Setting RAM speed in Bios

I bought some Ripjaws X Series 16GB 1600mhz RAM (http://www.newegg.com/Product/Product.aspx?Item=N82E16820231489) for my Gateway FX6800 (http://support.gateway.com/s/PC/FX/FX6800/FX6800nv.shtml) desktop.

Windows recongizes the 16GB but Speccy shows the RAM running at 533mhz with timings 7-7-7-19. My bios which is made by AMI does not give options to set the speeds or timings of RAM or the ability to enable Intel XMP.

I have researched a way to set the RAM speed and came across bios-mods.com which has an "unlock" for the motherboard and BIOS I have.

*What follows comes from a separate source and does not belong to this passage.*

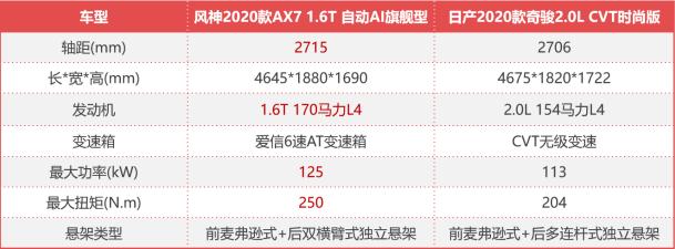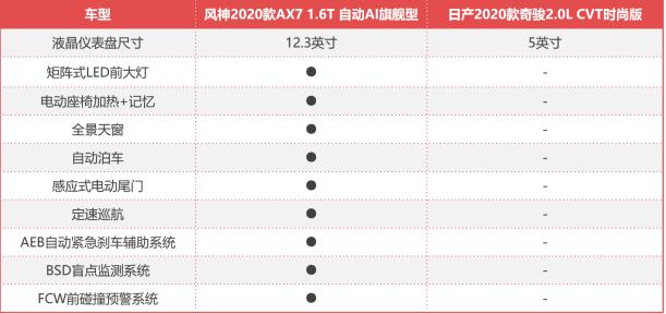 “这个双十一,你的购物车都清空了么?” 随着一年一度网络购物狂欢节的到来,双十一成为人们茶余饭后怎么也绕不过去的话题,从各大平台的统计数据来看,网友消费升级的趋势愈加明显,无论是线上购物的商品单价还是类别,都朝着高品质高价值的方向发展。汽车消费也不例外,大家收入高了,手里闲钱也多了,对爱车的要求不再一味的满足代步,如今多数人都盯上了尺寸更大、品质更高的紧凑级车和中级车。尤其在SUV市场,越来越多的自主品牌打破十万元天花板,凭借越级表现与合资品牌掰手腕。那么,手握10万以上的预算,到底是买合资品牌和自主品牌呢? 宁要鸡头,不要凤尾? 首先,毫无疑问的是,我们可以明显看到10万元以上的SUV,合资与自主还是有很大区别的。如果以15万元为界限,10-15万区间合资集中在小型SUV,而自主则是更大更实用的紧凑型SUV。小车SUV有着自身的优势,小巧灵活、省油、通过性不差等都是它们赖以生存的法宝,紧凑型SUV则意味着更大的舒适空间和更强劲的动力操控。当然,合资品牌的机械素质和产品质量还是比自主要强的,不过,随着近年来自主品牌的发展,其在装配工艺、品质表现等方面的差距已经得到一定弥补,合资品牌的优势也就不再那么的明显。所以具体如何选择,就看您需要什么了。 退一万步讲,如果非要在同一级别车型做出选择,不考虑预算的话,合资品牌入门级车型足以买到自主品牌的高配车型,那么问题又来了:鸡头还是凤尾?下面,我们以同为紧凑型SUV、价格不是过于悬殊的东风风神2020款AX7 1.6T 自动AI旗舰型(以下简称2020款AX7)和东风日产2020款奇骏2.0L CVT时尚版(以下简称奇骏)为例,通过接下来的对比,或许你能找到想要的答案。 大车开着一时爽,一直开一直爽 相比小型SUV,紧凑型SUV最大优势在于拥有更加阔绰的驾乘空间,这也是绝大多数人选择SUV的出发点所在。从车身尺寸上来看,两款车型相差无几,2020款AX7拥有更长的轴距和车身宽度,奇骏则在车身长度和高度上略展优势。而从实际乘坐感受来看,几乎感受不到其中的差异,两款车坐进去都非常的宽敞舒适,这也是他们之所以在细分市场备受欢迎的重要原因之一,有当下流行的话来说,开大车一时爽,一直开一直爽。 动力方面,尽管是自主品牌,但得益于东风集团整合全球优质资源优势,2020款AX7搭载来自PSA集团的THP系列的1.6T涡轮增压引擎。该系列发动机根据硬件与ECU调校不同有多种动力版本,具有发力早、扭矩平台宽广且涡轮迟滞小等特点,目前主要被应用在雪铁龙、DS和标致旗下的多款车型上。而此前宝马和MINI亦有车型采用这一系列引擎。2020款AX7的1.6T最大功率170马力,峰值扭矩250牛·米,与之匹配的是主打平顺和可靠性的爱信6速手自一体变速箱,无论是驾乘操控,还是燃油经济性,都表现出不俗的实力。 相比之下,奇骏长宽高分别为4675/1820/1722毫米,轴距为2706毫米,搭载2.0升自然吸气发动机,最大功率分别为154马力,匹配CVT变速箱。整体表现中规中矩,无论从动力参数,还是实际驾乘感受,奇骏相比2020款AX7并不如此前想象中有优势,但毕竟来自东风日产这一颇具市场号召力的合资品牌,凭借着品牌优势很容易被更多的消费者所认可。 颜值仁者见仁,科技“智”者见智 外观从来都是仁者见仁,2020款AX7采用“几何交互”设计理念,追求棱角分明,在横贯式尾灯、悬浮式车顶等一系列时尚元素的修饰下,整车视觉效果相当新潮时尚,足够归入“高颜值”的队伍序列。 尽管奇骏在外观设计方面比较保守,并没有采用过多时尚元素,但标志性的日产最新家族式设计风格,符合大多数消费者的审美。或许你会觉得有些审美疲劳,但这样的设计语言确实堪称经典。 进到2020款AX7的车内,主打科技感和设计范的它也令人眼前一亮。中控台采用环抱式设计,上部以软质搪塑材质包裹,档次感和质感俱佳。全液晶仪表分辨率较高,支持大量先进功能,除常规的速度、转速、油耗、胎压显示等之外,还可显示导航。中控屏为全系标配的10.25英寸高清液晶屏,分辨率达到了1920*720,硬件上是四核处理器+4G内存+32G储存的配置,界面简洁易上手。 最新升级的windlink4.0车机系统,在延续原有声纹识别登录、手势“飞屏”双屏互动、语音百科等实用功能的同时,联合酷我、喜马拉雅为车主定制独家车载VIP会员专属权益,并赠送一年免费VIP会员使用,同时,增加组队和路书、品牌专区导航和个性化设置主题壁纸等功能,更显人性化和科技化。 奇骏则延续了日产给消费者留下的实用、温馨的印象。采用双色设计的内饰和软性材质包裹很好突出了居家氛围,操作按键也是非常顺手。多媒体系统搭载了日产最新的日产智联系统,功能尽管还算丰富,但相对于更多车机系统则显得“简单”了很多,并不算是太智能。 科技配置方面,可能是两款车型最大的差距所在,2020款AX7不仅拥有矩阵式LED前大灯、电动座椅加热+记忆、自动泊车、感应式电动尾门等诸多舒适功能,更有AEB自动紧急刹车辅助、BSD盲点监测、FCW前碰撞预警系统等智能安全科技,其配置之丰富堪比入门级豪华车型。对比来看,奇骏则略显寒碜,不仅连天窗、中控彩色液晶屏都没有,甚至自动巡航等基本舒适配置也没有出现,当然,考虑到对比车型中2020款AX7为顶配车型,奇骏为乞丐版车型,两款车型配置基本不在一个档次,呈现出一边倒的局面也可以理解。 省钱才是硬道理,不小心赚

My question is am I on the right track or have I missed something with the BIOS settings? I'm worried about updating the BIOS because I'm sure it will go south and create more problems.

Some specs:
OS: Windows 7
Motherboard: Gateway TBGM01
BIOS: AMI 842P091G
CPU: Intel Core i7 920

Any help is greatly appericated.

its actualy running 2x533mhz so its runnig at 1066mhz which it seems is all your mobo supports.

You may be able to flash the bios with some random moded bios and over clock the ram to 1333mhz.

But I wouldent attempt it you have an uncommon gateway mobo that will have a custom version of the AMI bios so I am going to say around 80% chance of ending up with a large brick.

Ok that makes sense. Thank you very much.

I tried changing the ram frequency from 1300mhz to 1600mhz and I got a hardware failure then no beeps and no post, now I'm getting the mobo replaced. (I didn't go down without a fight, many hours gone into fixing it)

Was my motherboard 'bricked'?

I was talking more about flashing an unknown bios that would brick the mobo.

In your case I dont know its generaly reasonably safe to do an overclock like that useually if your system cant handle it, it will freeze or restart or bug out in diffrent ways and then you go back into the bios and set it back to the default. To not be able to get to the bios especial with no beeps is strange.

When I first got the motherboard I had the same problem with it not beeping or posting, I'm not entirely sure how it started working but it did then with the ram change it's stopped again so I'm just assuming it's a dodgy motherboard.

Sounds reasonable i guess the extra stress of the overcock was too much for the dodgy component to handle.